What's confusing me is that pings at low rate work fine.
So this seems to be something related to, maybe, sending a lot of data in a short time window or something. I haven't caught it in the act yet.
Starting to wonder if it's the TCP/UDP checksum offload block as nothing else is jumping out at me. Bypassing that and we'll see if things work better.
Yeeep it was the offload. Bypassed the offload and a *debug* binary is now pushing 704 Mbps of iperf traffic.
I can only imagine how fast a release build with less buggy checksum offload will be.
Very interesting.
It's *not* the offload per se. the offload is just triggering it.
All of my frames have four trailing 0x00 bytes, and the offload's calculated checksum is off by 0x04, consistently.
I suspect that somewhere further up the chain the 32 vs 64 bit path is adding trailing data to frames that shouldn't be there.
Waiting for a LA to compile into that part of the design but at a high level I can see the bug now. The MDMA is rounding the frame up to a 64 bit boundary while writing to the TX FIFO.
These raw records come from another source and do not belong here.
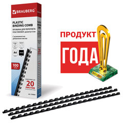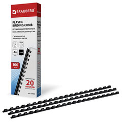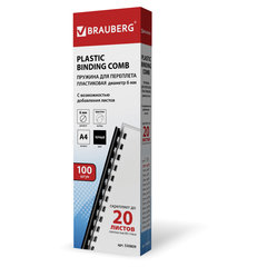 Пружины пластиковые для переплета, КОМПЛЕКТ 100 шт., 6 мм (для сшивания 10-20 л.), черные, BRAUBERG, 530809
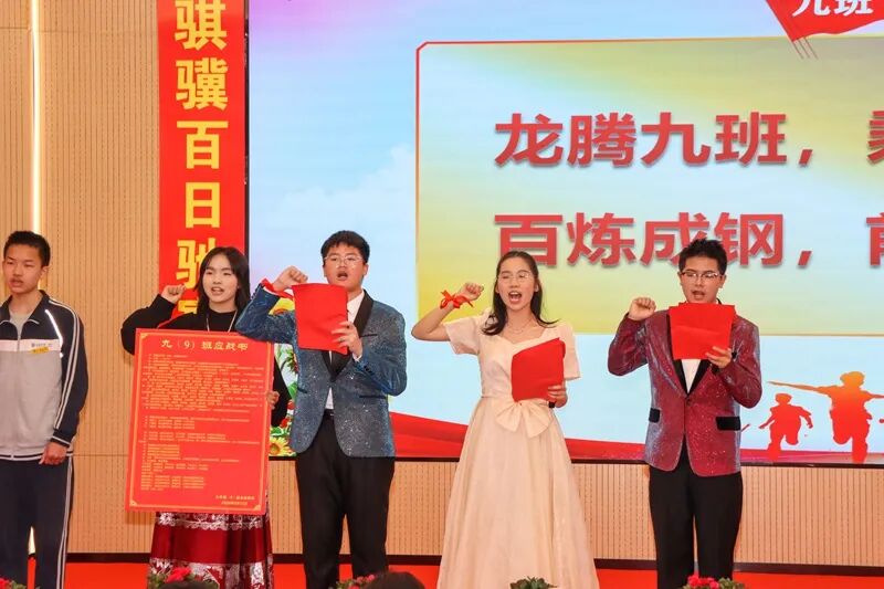 布一百天为局,许一盘青春如棋,落子无悔;谱一百天为曲,奏一章赤子逐梦,无问西东;握一百天为拳,搏一记点燃闪电,声震人间;垒一百天为梯,望一眼前途浩荡,山高水长……
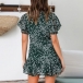 Features chic and eye-catching printed details,the v-neck and lotus sleeve design will further boost
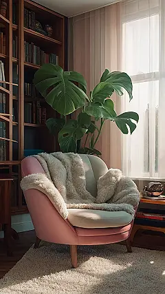 This chair looks like it was personally designed to hug you while you get lost in a good book. I mean, seriously, look at that fluffy blanket – it practically screams, “Come sit down and ignore your responsibilities!” Add in the bookshelf that’s just begging to be explored and you have all the ingredients for the perfect escape from reality. Homework can wait, right?
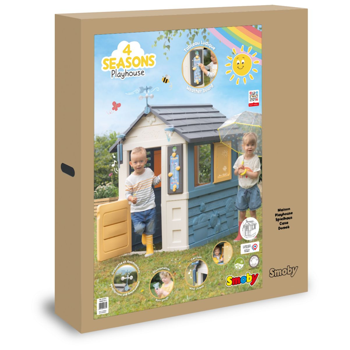 Stabilní, prostorný domeček Smoby Meteostanice. Součástí vybavení domečku je srážkoměr, větrná korouhvička/anemometr, zvonkohra a hravá tabulka, které dětem zajistí spustu zábavy, kreativity i učení. Domeček má malé vstupní dveře, 2 okna s lamelami a 2 posuvné okenice, které lze otevírat a zavírat. Snadná montáž. Módní barevné provedení v modré a žluté dodává herně svěží a moderní vzhled. Čtyři robustní boční stěny jsou navrženy velmi detailně, fasádu domu zdobí květiny v květináčích, zvířatka a motýlci, kteří vytvářejí zábavný design. Domeček je vyroben z vysoce kvalitního plastu odolného vůči UV záření a je zvláště odolný vůči povětrnostním vlivům a vyblednutí. Rozměry produktu (DxŠxV): 102,7 x 121,8 x 143,4 cm. Výška samotného domečku je 127 cm, výška s větrnou korouhvičkou je 147,5 cm.
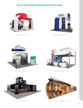 ISLAS DE EXHIBICIÓN PERSONALIZADAS Alquiler de isla de 20' x 20' Isla personalizada de 20' x 20' Isla personalizada de 20' x 30' Alquiler de plataforma de 20' x 30' Isla personalizada de 40' x 40' Isla personalizada de 40' x 100' 47
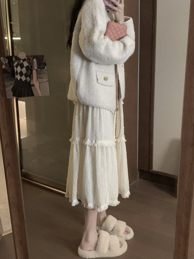 NEWスカート レディーススプリング韓国ファッションホワイトロング 大人ガーリー スウィート キュート カジュアル 春物 MONROE23598032952
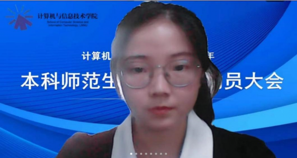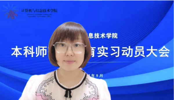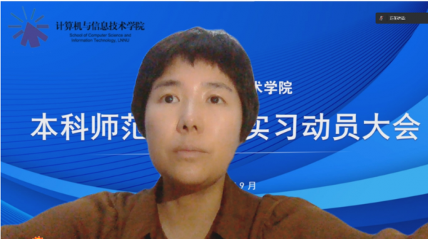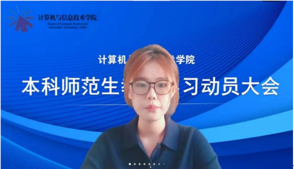 会议第三项,指导教师代表石慧发言。她指明疫情不能阻止计信学子求知求学的步伐,不能阻止计信学子传道授业的信念,因此希望员工们克服困难,认真完成教育实习各项工作,提高自我管理能力,真正做到自律、自觉、自主地完成教育实习,做到说练结合,不断提升专业素养。
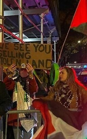 Protesters at Park East Synagogue in New York City, November 19, 2025. (Luke Tress/Times of Israel)
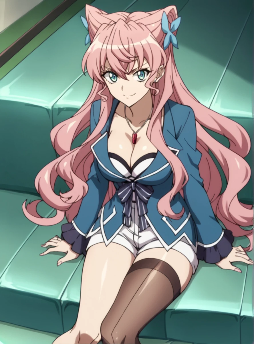 Prompts: pink hair, long hair, blue eyes, ,hair ornament, very long hair , cleavage white shorts, ,uneven legwear, pendant, cleavage,single thighhigh, large breast,thick thighs, single leg pantyhose,
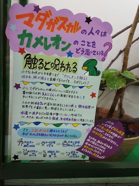 カメレオンと触れ合った以外にも、捕食を見せてもらったり、色のかわるのも見る事が出来た。

This is OK, the existing datapath roundsd up to a 32 bit boundary already, and I had a register in the TX buffer where I write the *actual* frame length so I know to ignore the trailing padding.
Something there probably didn't account for a >= vs == case or something so once you add more than one word of padding it probably breaks something.
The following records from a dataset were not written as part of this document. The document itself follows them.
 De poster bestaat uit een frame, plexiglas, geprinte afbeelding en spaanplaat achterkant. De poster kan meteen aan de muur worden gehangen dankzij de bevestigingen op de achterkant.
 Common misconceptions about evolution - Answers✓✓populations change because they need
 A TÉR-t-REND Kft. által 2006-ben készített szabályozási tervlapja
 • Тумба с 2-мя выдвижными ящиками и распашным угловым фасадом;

aaaaand there it is. Expected frame length (set by writing to FETHTX.LENGTH) is 5d4, we send 5d8 bytes of data, *and those extra bytes got pushed into the fifo*.
Hmmm.
There might be two bugs, not just one.
Iperf now works (at 766 Mbps!) but SSH doesn't.
Looks like the last byte is being truncated from at least some SSH TCP segments. Probably my fix is incomplete...
Aaand fixed. SSH works again.
Iperf: 766 Mbps
SFTP /dev/zero: 32.6 MB/s (260.8 Mbps)
SFTP QSPI flash: 14.6 MB/s (116.8 Mbps)
This is using 64-bit transfers for MCU -> FPGA transactions on Ethernet transmit only, everything else still 32 bit.